En términos de empleo registrado, en 2025 se generaron 17.715 nuevos puestos de trabajo, un 1,64 % de crecimiento respecto a 2024, y el número de desempleados se redujo en 6 807 personas, un 5,7 % menos.
Uno de los principales retos sigue siendo el de las infraestructuras, especialmente las energéticas y de transporte. El episodio del apagón eléctrico de abril de 2025 puso de manifiesto una vulnerabilidad que no podemos permitirnos como territorio industrial. Sin redes eléctricas modernas, con capacidad suficiente y resiliencia, la reindustrialización de Galicia —verde y sostenible— corre serio peligro. Lo mismo ocurre con el despliegue de energías renovables: frenar proyectos estratégicos supone renunciar a inversión, empleo y competitividad en un momento clave para Europa.
En paralelo, es urgente avanzar en infraestructuras de movilidad y logística que conecten Galicia en igualdad de condiciones con el resto de España y de la UE. El Corredor Atlántico, la intermodalidad ferroviaria, la conexión efectiva de nuestros puertos y una solución justa para autopistas estratégicas como la AP-9 no son reivindicaciones territoriales, sino palancas económicas imprescindibles.

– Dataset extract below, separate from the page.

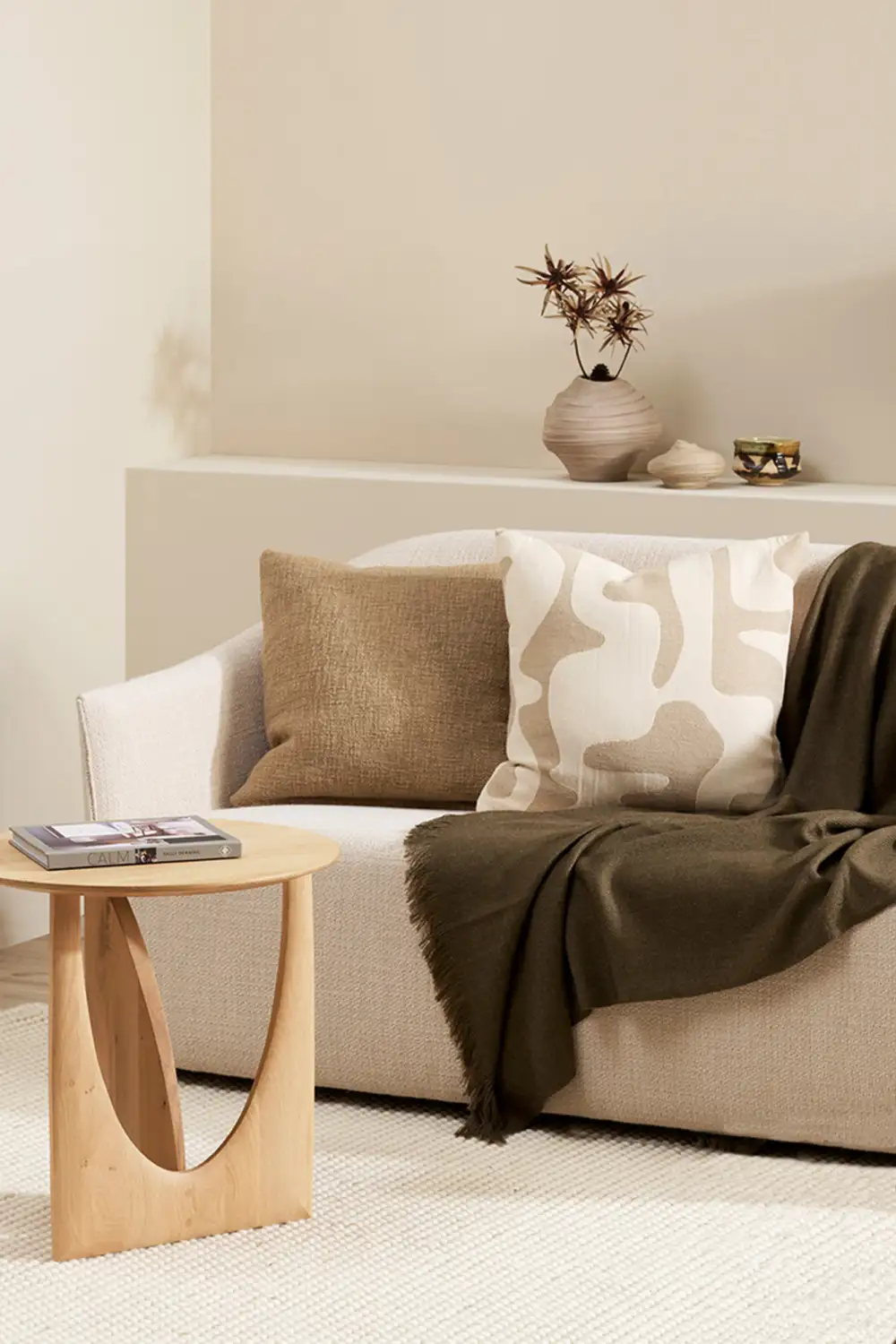The Bennett cushion effortlessly harmonises these timeless tones, offering a sense of tranquillity and balance to any space. Its jacquard woven design, adorned with an ensemble of abstract shapes, adds a touch of whimsy to its sophisticated aesthetic.

Otro desafío estructural es el marco laboral. Las empresas gallegas defienden el diálogo social y la mejora de las condiciones de trabajo, pero rechazan el intervencionismo y las imposiciones desconectadas de la realidad productiva. Propuestas como la reducción obligatoria de la jornada laboral, sin atender a la productividad ni a la diversidad sectorial, generan inquietud, especialmente entre pymes y micropymes. La competitividad no se decreta: se construye con acuerdos, flexibilidad y realismo.
En este mismo ámbito, el absentismo laboral se ha convertido en un problema de primer orden. Galicia presenta tasas muy superiores a la media nacional, con un impacto directo en costes empresariales, organización del trabajo y capacidad de crecimiento, en un contexto además de escasez de mano de obra. Afrontarlo exige coordinación entre administraciones, sistema sanitario, mutuas y empresas, con el objetivo de acortar tiempos, mejorar controles y facilitar la reincorporación cuando sea posible.
Desde el punto de vista fiscal y administrativo, 2026 debe ser el año de la simplificación real. Menos burocracia, más agilidad y mayor seguridad jurídica. Las personas autónomas y las pequeñas empresas necesitan un entorno que no penalice el inicio ni el crecimiento de la actividad. Galicia es una comunidad emprendedora —con la tasa de actividad emprendedora más alta de la última década—, pero ese potencial puede diluirse si no se acompaña de políticas coherentes y estables.
Finalmente, no podemos perder de vista el marco europeo. El nuevo ciclo presupuestario de la UE y los cambios en la gobernanza de los fondos comunitarios serán determinantes. Galicia debe tener voz y capacidad de influencia para defender una política de cohesión fuerte, descentralizada y orientada a resultados reales, que tenga en cuenta sectores estratégicos como la industria, el mar, la energía o la logística.
2026 no será un año sencillo, pero puede ser un año decisivo. Si somos capaces de avanzar desde el consenso, el diálogo social y la colaboración público-privada, Galicia puede consolidarse como un territorio atractivo para invertir, trabajar y emprender. Las empresas están preparadas para aportar crecimiento, empleo y bienestar. Ahora es el momento de que el entorno acompañe.